E-commerce allures more and more people into this industry, making it an inseparable part of their lives. As online stores multiply and the number of consumers increases, there is a high demand for data collection, which can be used to make the right decisions, create competitive strategies, increase customer satisfaction, and more.
Considering this pivotal role of data extraction, businesses that want to succeed in the eCommerce niche should learn how to scrape the required data effectively.
In this article, we will show you how to scrape data from Amazon using Python and offer you an alternative that doesn’t require coding skills.
Simply follow the steps mentioned below and level up your eCommerce game with the right data collection techniques!
Some basic requirements
In order to scrape data from Amazon, you will need the following components:
Python– The vast collection of libraries makes Python one of the best programming languages for web scraping. If you don’t have one on your computer, make sure to install it.
Beautiful Soup– This is one of the best web scraping libraries for Python. It’s relatively easy to use. Once you install Python, you can also install Beautiful Soup by:
pip install bs4
General understanding of HTML tags– Learn the basics of HTML tags to help you scrape Amazon with Python.
Web browser– You can use a web browser like Google Chrome or Mozilla Firefox in order to toss out unnecessary information from a website by using specific IDs and tags for filtering.
Main steps on how to get data from Amazon using Python
Create a user-agent
Some websites use certain protocols for blocking any kind of bots that try to access their data. That’s why you need to create a User-agent in order to access the data of these websites.

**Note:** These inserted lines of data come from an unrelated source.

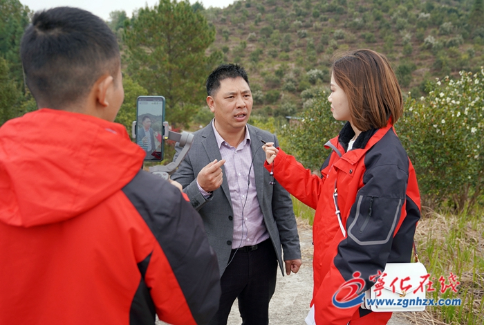 在淮土鎮傺下村嘉輝生態農林發展有限公司油茶種植基地里工作人員開啟線上直播,主播、網友在基地負責人帶領下共逛茶山。大家在茶林小道里暢游,邂逅漫山茶花,花香襲人,基地生態環保互補的種植方式也讓大家眼前一亮,讓大家忍不住駐足合影。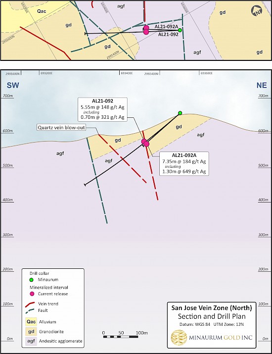 Figure 5. San Jose cross section showing holes AL21-092 and AL21-092A. Click image to enlarge.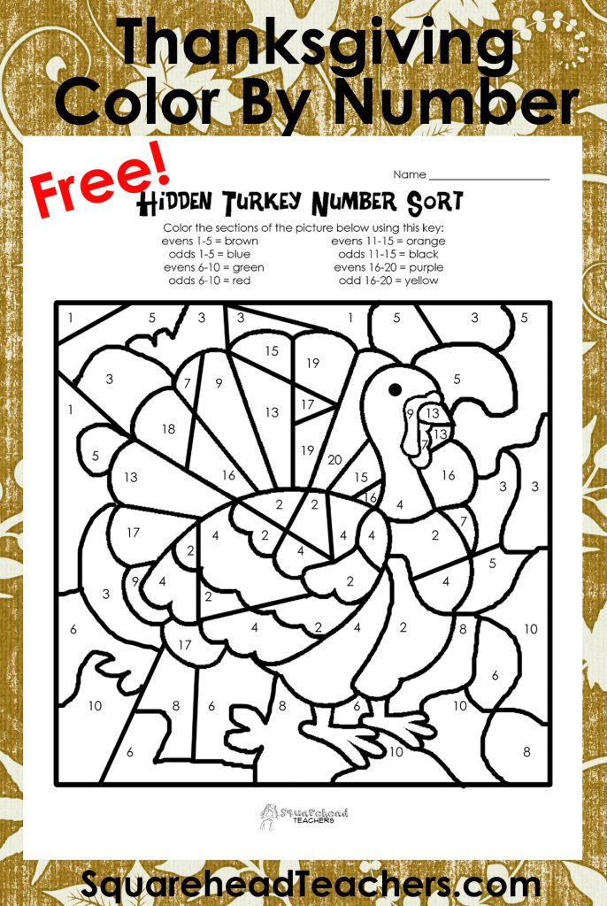 Thanksgiving Colornumber (Odd/evens Sort) | Squarehead Teachers – Math Worksheets Thanksgiving Free Printable

Here is an example of a user-agent:
HEADERS = {‘User-Agent’:
‘Mozilla/5.0 (X11; Linux x86_64) AppleWebKit/537.36 (KHTML, like Gecko) Chrome/44.0.2403.157 Safari/537.36’,
‘Accept-Language’: ‘en-US, en;q=0.5’}
Send a request to a URL
Now, you will need to send a request to the webpage for accessing data:
URL = “https://www.amazon.com/Sony-PlayStation-Pro-1TB-Console-4/dp/B07K14XKZH/”
webpage = requests.get(URL, headers=HEADERS)

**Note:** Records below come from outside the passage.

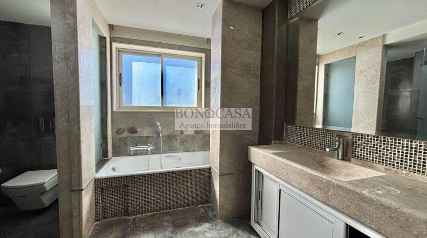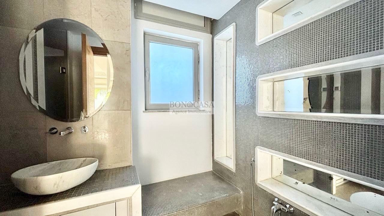Le premier étage abrite un deuxième salon, une première suite avec son dressing et sa salle de bain avec baignoire et douche à l’italienne et deux chambres à coucher qui partagent une salle de bain commune.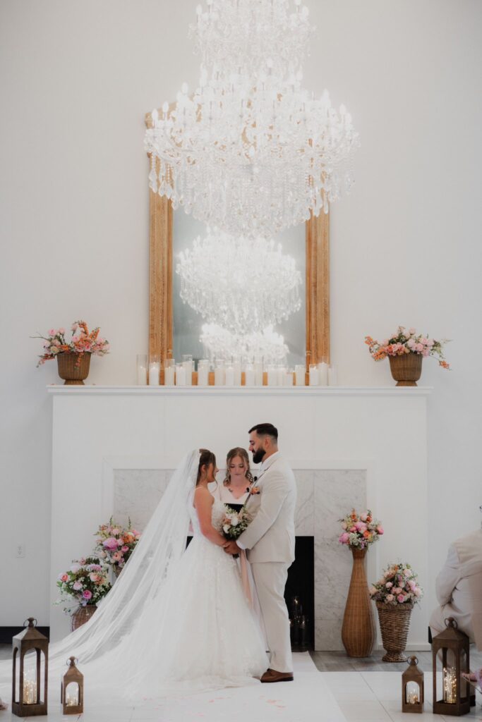 They had a beautiful color palette full of bright summer blooms. Allie’s bouquet was so stunning! Their wedding day was full of love, laughter and amazing family and friends. They used the outdoor courtard for cocktail hour and their reception was inside the reception space. Guests enjoyed the fun, relaxing and STUNNING venue.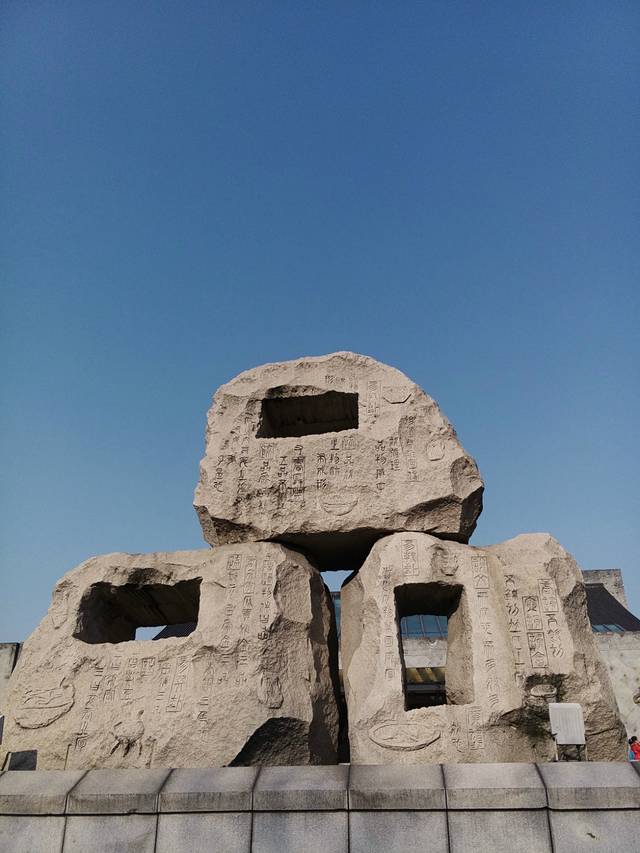 中国黄酒博物馆外面的三块大石头,上面刻的文字有关酒文化的。里面分为酒史厅、酒艺厅、影视厅等。

Create a soup of information
The ‘webpage’ variable holds the response obtained from the website. Supply the content of this response and specify the parser type when using the Beautiful Soup function.
soup = BeautifulSoup(webpage.content, “lxml”)
Lxml serves as a high-speed parser utilized by Beautiful Soup to dissect HTML pages into intricate Python objects. Typically, four types of Python Objects are extracted:
Tag: These correspond to HTML or XML tags, encompassing names and attributes.
NavigableString: This represents the text enclosed within a tag.
BeautifulSoup: In essence, it encapsulates the entire parsed document.
Comments: Lastly, these encompass any remaining segments of the HTML page not classified within the above three categories.
Extract the product title
By employing the find() function, which is designed for pinpointing specific tags with particular attributes, we are able to identify the Tag Object that contains the product’s title.
By employing the find() function, which is designed for pinpointing specific tags with particular attributes, we are able to identify the Tag Object that contains the product’s title.
# Outer Tag Object
title = soup.find(“span”, attrs={“id”:’productTitle’})
Next, we extract the NavigableString Object nested within:
# Inner NavigableString Object
title_value = title.string
Finally, we eliminate extra spaces and convert the object into a string value:
# Title as a string value
title_string = title_value.strip()
To understand the data types of each variable, we can use the type() function:
# Printing types of values for efficient understanding
print(type(title))
print(type(title_value))
print(type(title_string))
print()
This code yields the following output:
<class ‘bs4.element.Tag’>
<class ‘bs4.element.NavigableString’>
<class ‘str’>
Product Title = Sony PlayStation 4 Pro 1TB Console – Black (PS4 Pro)
Similarly, we can apply analogous procedures to obtain tag values for other product details such as “Price of the Product” and “Consumer Ratings.”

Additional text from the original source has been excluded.